• _What to do_
Whenever a picture appears, leave it out while repeating all the other data exactly.

• _Information shown_
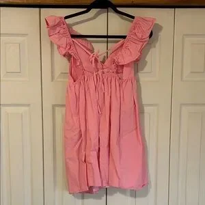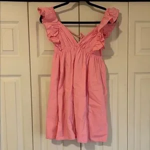 Charming pink dress with ruffle straps. Perfect for a casual outing.
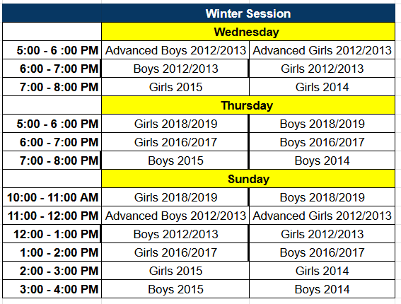Session 3 | Jan 7, Feb 4 | 4 Weeks, 2x a week | $ 115.00 | +$40 for rec league |
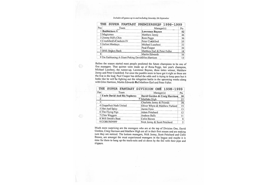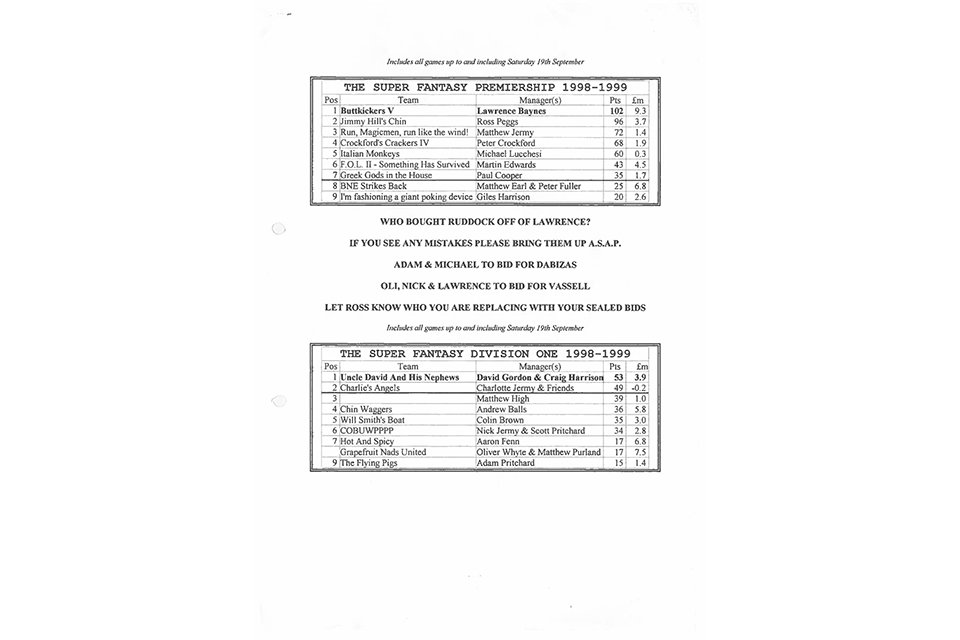 With Matthew away at University, Ross took over the reigns for the season. Unfortunatly, all records have been lost for this season, but we do know that MAGICMEN were the eventual winners. The following seasons auction booklet also suggests they won the SFP Cup to complete the double, and that Lawrence Baynes finished runner up in the league. Everybody else is listed in alphabetical order in the leagues they began the season in.

• _Answer to this problem_
 Charming pink dress with ruffle straps. Perfect for a casual outing.
Session 3 | Jan 7, Feb 4 | 4 Weeks, 2x a week | $ 115.00 | +$40 for rec league |
 With Matthew away at University, Ross took over the reigns for the season. Unfortunatly, all records have been lost for this season, but we do know that MAGICMEN were the eventual winners. The following seasons auction booklet also suggests they won the SFP Cup to complete the double, and that Lawrence Baynes finished runner up in the league. Everybody else is listed in alphabetical order in the leagues they began the season in.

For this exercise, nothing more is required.